Но какая же это комедия, как обещал Чехов? Может быть, такая же, как «Чайка»? Комедия жизни о «насмешливом» человеческом счастье? И писать ее тоже следует свободно, «против условий сцены», безоглядно? Не по правилам даже Художественного театра, а так, как видится, как хочется написать?
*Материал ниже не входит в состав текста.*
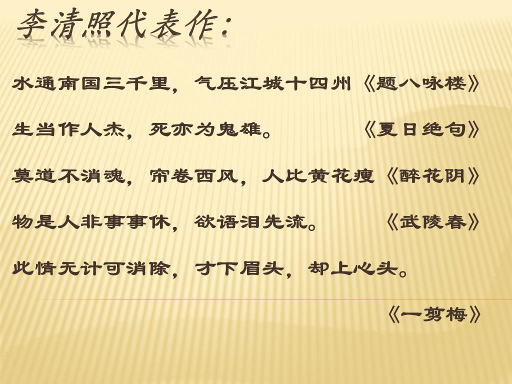 历史人物模板:李清照,宋代女词人,婉约词派代表,语言清丽,强调协律,崇尚典雅,提出词“别是一家”之说,有“千古第一才女”之称。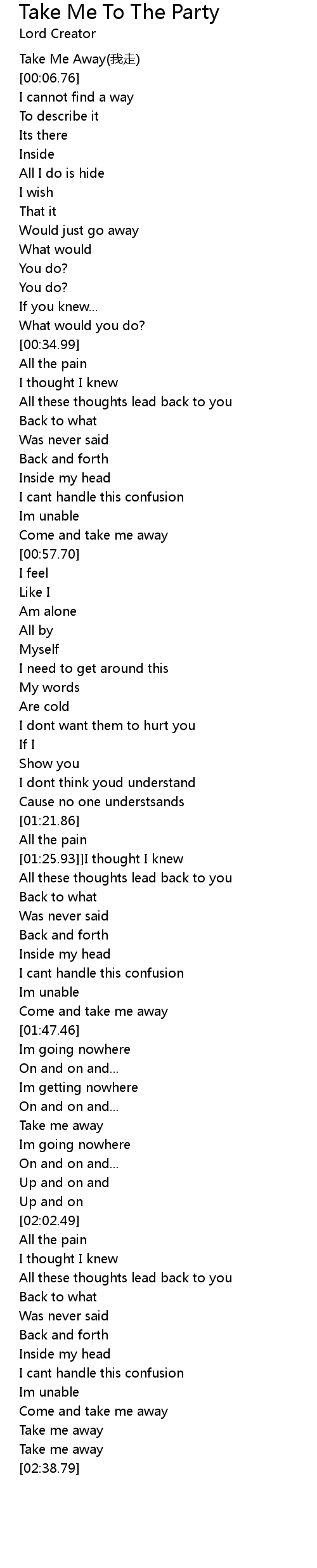 | [02:32.96] | Take me away |

В середине августа, как было давно обговорено, один, потому что Ольге Леонардовне врачи запретили ехать в Ялту, Чехов покинул Любимовку. Он не сказал жене, что у него в мокроте появилась кровь. Книппер передала с ним письмо для Марии Павловны. В нем она объяснила отъезд мужа желанием родных разлучить супругов, наконец-то освободить Чехова от ухода за ней. Назвала свекровь и золовку «жестокими», упрекнула в черствости. Обиженная Мария Павловна позволила прочесть это послание брату, который тут же написал жене: «За что ты обругала Машу? <…> Твое письмо очень и очень несправедливо, но что написано пером, того не вырубишь топором, Бог с ним совсем. Повторяю опять: честным словом клянусь, что мать и Маша приглашали и тебя и меня — и ни разу меня одного, что они к тебе относились всегда тепло и сердечно. Я скоро возвращусь в Москву, здесь не стану жить, хотя здесь очень хорошо. Пьесы писать не буду. <…> Мать умоляет меня купить клочок земли под Москвой. Но я ничего ей не говорю, настроение сегодня сквернейшее, погожу до завтра. Целую тебя и обнимаю, будь здорова, береги себя. <…> Пиши почаще. Твой А.».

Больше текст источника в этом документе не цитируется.